My tusheez

This blog was started once upon a time when a young girl at school didnt know better but thought otherwise. So the way earlier entries can be crass and words inappropriate so please don't judge. As now the person has evolved into someone older and wiser (hopefully) ..:.... But some of the entries were classic and hilarious so I don't have the heart to delete them :@ Well we were all young (read:wild) once, right?

Sunday, November 22, 2009

3 Sure Fire Ways to Rid off the Credit Card/ Insurance Girls

Give them a break, wil ya?
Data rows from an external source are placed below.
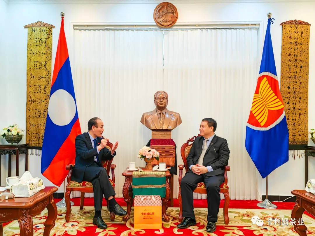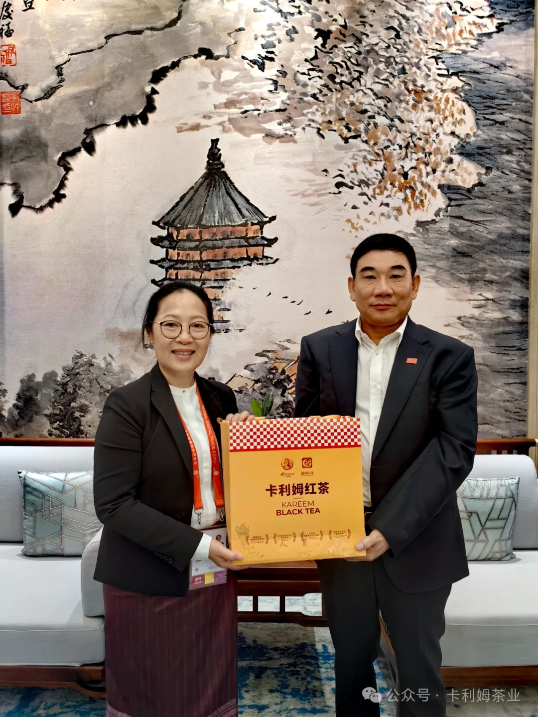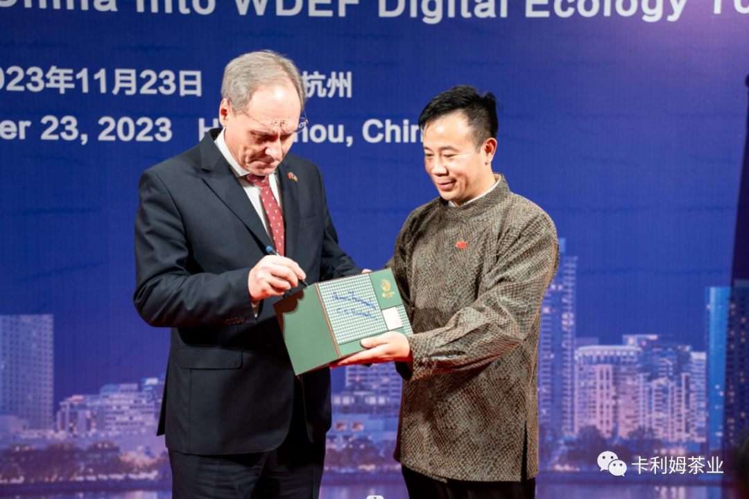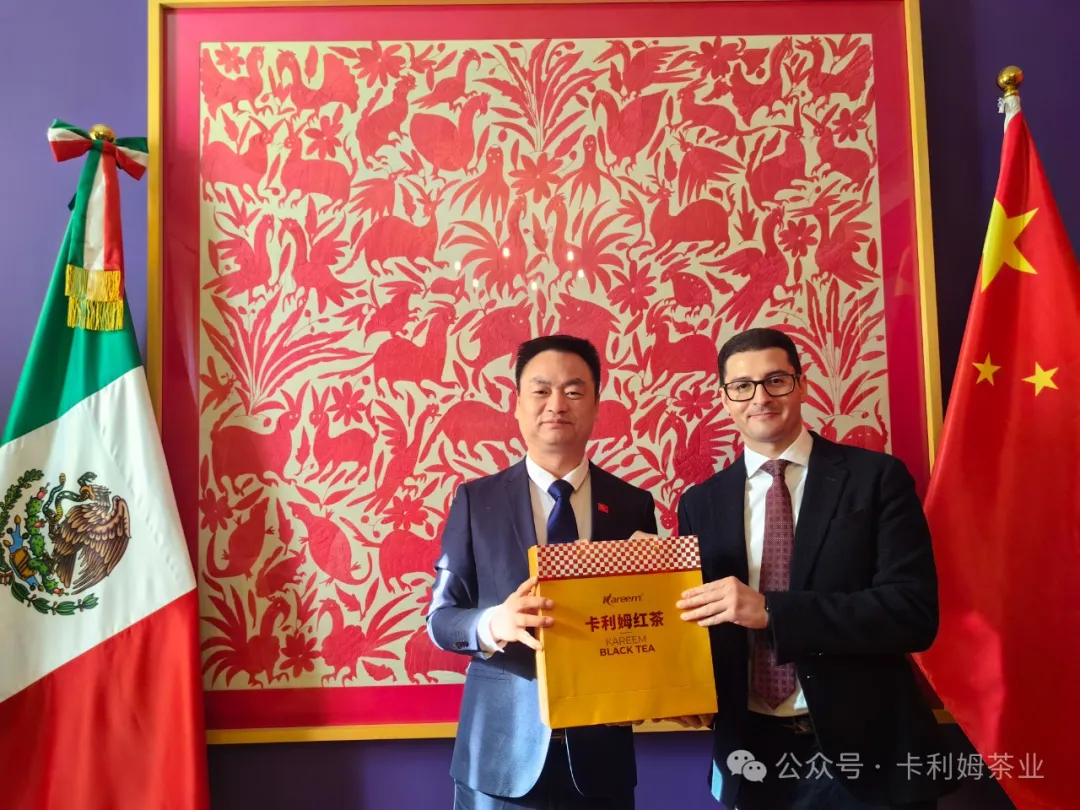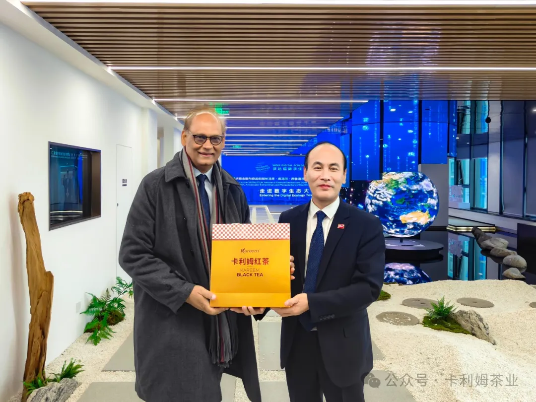 WDEF沃达福副秘书长兼数字汽车产业中心主任冯隆康、WDEF沃达福副秘书长兼对外合作部主任黄天野参加会见。会见后,卡利姆普洱茶作为伴手礼赠送与亚美尼亚驻华大使馆经济参赞卡扎良·科尔伦,表达龙年的新春祝福。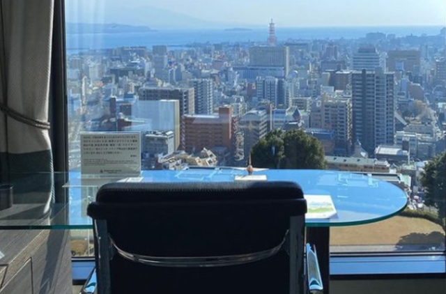 足元から天井まである大きな窓から桜島、錦江湾、鹿児島市街地が一望でき、開放感あふれる空間でくつろぎのひと時をお過ごしいただけます。ビジネスや長期滞在にもおすすめ。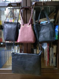 袋物の勢揃いです。下段の「パソコンだけ入れ用サコッシュ」の第1号は、言ってみれば欠点だらけの習作でしたが友人の女性の元へ旅立ちました。習作が故の及ばぬ点が多々ありましたが、「大切に使う」と有難いお言葉を頂きました。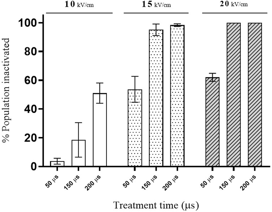 Figure 2 shows the influence of electric field strength and total treatment time, calculated by multiplying the total number of pulses applied by the pulse width, on % of S. cerevisae cells inactivated by PEF. At the lowest electric field investigated (10 kV/cm), the longest treatment (200 µs) caused a loss of viability in less of the 50% of the population. However, significant inactivation was detected at the lowest treatment time when the PEF treatments were applied at the two higher electric field strengths assayed (15 and 20 kV/cm). These results would indicate that the electric field threshold required for manifestation of electroporation of this strain of S. cerevisiae is around 10 kV/cm. Microbial inactivation by PEF is associated with the permanent permeabilization of the cytoplasmic membrane (electroporation), which leads to uncontrolled molecular transport across the membrane (Heinz et al., 2001; Álvarez et al., 2006; Mahnič-Kalamiza and Miklavčič, 2022). These data agree with those of other authors showing that electric fields higher than 10 kV/cm are required to achieve inactivation of several different strains of S. cerevisiae (Cserhalmi et al., 2002; Aronsson et al., 2005; Martínez et al., 2016).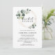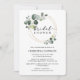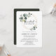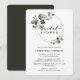 Convite de chá de noiva elegante com círculos dourados de eucalipto em aquarela emoldurando "chá de noiva" em tipografia clássica e script, simples, chique e lindo que seus convidados vão adorar receber. No verso do convite há um verde pinho sólido.

They're just doing their job..=)

but oh well, when they call at the wrong time, I know they may get on your nerves.

Instead of being rude and slamming down the phone like many other, why not make their day more interesting?

(Was talking to Jac and the girls about this topic and hohoho... She has ideas)

1. "Good Morning Miss Lee, my name is Maria, I am calling from RBS, we are hcalling to check if you have credit card from us yet?

----"Oh don't worry, I have so many already. I am using one as a door stopper, one as a book mark. You think I need one more to scrap my armpit?

Thank you!

2. "Hello Miss Lee, my name is Julia. I am calling from UOB Credit line.."

-----" HA? HA? Hosiwalakewalramehgarajattii..oohhhrammrrmama..geeeyootibubusheshe.haha hahah..hoho..hihi."

Thank you!


4. "Good Afternoon Miss Lee, my name is Jenny, calling on behalf of NTUC Income.."

" Oh.. hi Jenny...=))"........-sound happy!

"Hi Miss Lee.."

"Jenny,,.. what are you wearing??....(softly and cheekily)

"Sorry?...(must be startled)

"I said..What are you wearing now Jenny??"

"Hi Ma'am.. I think i call you back later.."...panic liao..

" Oh no.. Jenny. I am free to talk now.. just tell me, what are you wearing?"...



Maybe they'll put you in a voluntary DO NOT CALL list.